Preparations are at an advanced stage and we expect that the service will be ready to be stood up, if needed, by the middle of July;

  • all NHS organisations have tested by September the resilience of organisational and local health and care system Flu Pandemic Plans against the national HR and Surge guidance and a potentially more severe attack over the autumn or winter.

20. The specific roles, responsibilities and expectations of SHAs, PCTs, NHS trusts (including NHS foundation trusts) and of GPs and pharmacists are described in Appendix A and should be read alongside this document.

Support to NHS Staff

21. The response of NHS staff and, in particular GPs, to the flu pandemic has been first rate, helping the HPA and the Department of Health to better understand the virus and to collect surveillance information during the containment phase to inform future strategy and the clinical management of pandemic swine flu.

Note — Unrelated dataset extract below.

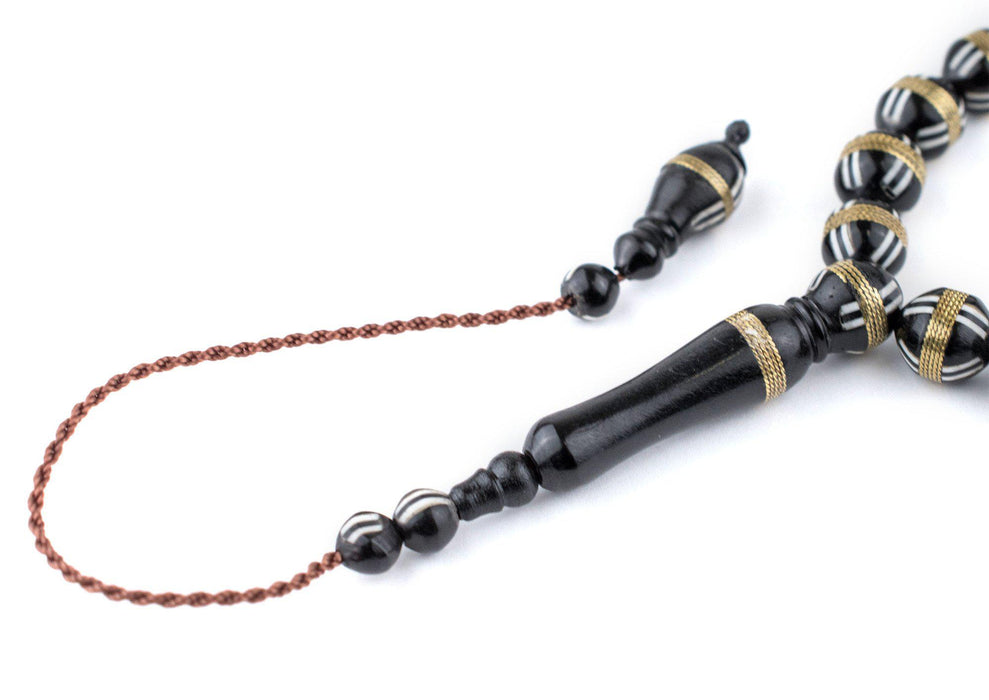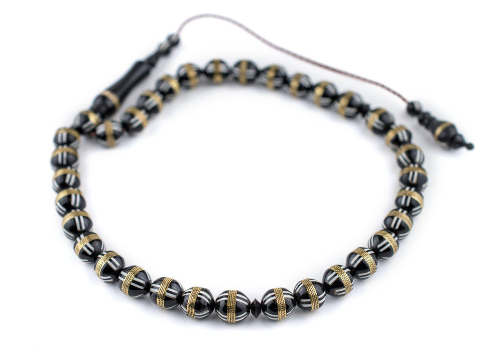 Black French Cross Round Brass-Inlaid Arabian Prayer Beads

22. It is important that all NHS employers respond positively to the professionalism of NHS staff shown since April in managing the pandemic. This should include:

  • ensuring that appropriate HR policies and procedures are in place to support staff and maintain their wellbeing in line with the national Pandemic Flu HR guidance;
  • delivering staff training as required to support service provision and high quality patient care;
  • effective communications and consultation with staff and their representatives on the support needed;
  • ensuring that staff have access to timely and accurate information about the progress of the pandemic and the practical steps they can take to protect themselves, including clear advice about the importance of infection control procedures and routine respiratory and hand hygiene practices
  • one of the very best ways people can protect themselves,
  • their families and their patients from the virus;
  • ensuring that staff in close and regular contact with patients with pandemic Swine Flu have access to appropriate personal protective equipment, such as face masks;
  • ensuring that the case is being made to NHS staff and their Representatives for the importance of getting vaccinated against seasonal flu and Swine Flu as the vaccines become available to protect staff, their families and patients;

Further information

23. Further information about this guidance can be obtained from:

  • for PCTs, from SHA Flu Lead Directors and SHA Flu Leads;
  • for other NHS organisations, GPs and pharmacists, from their local PCT.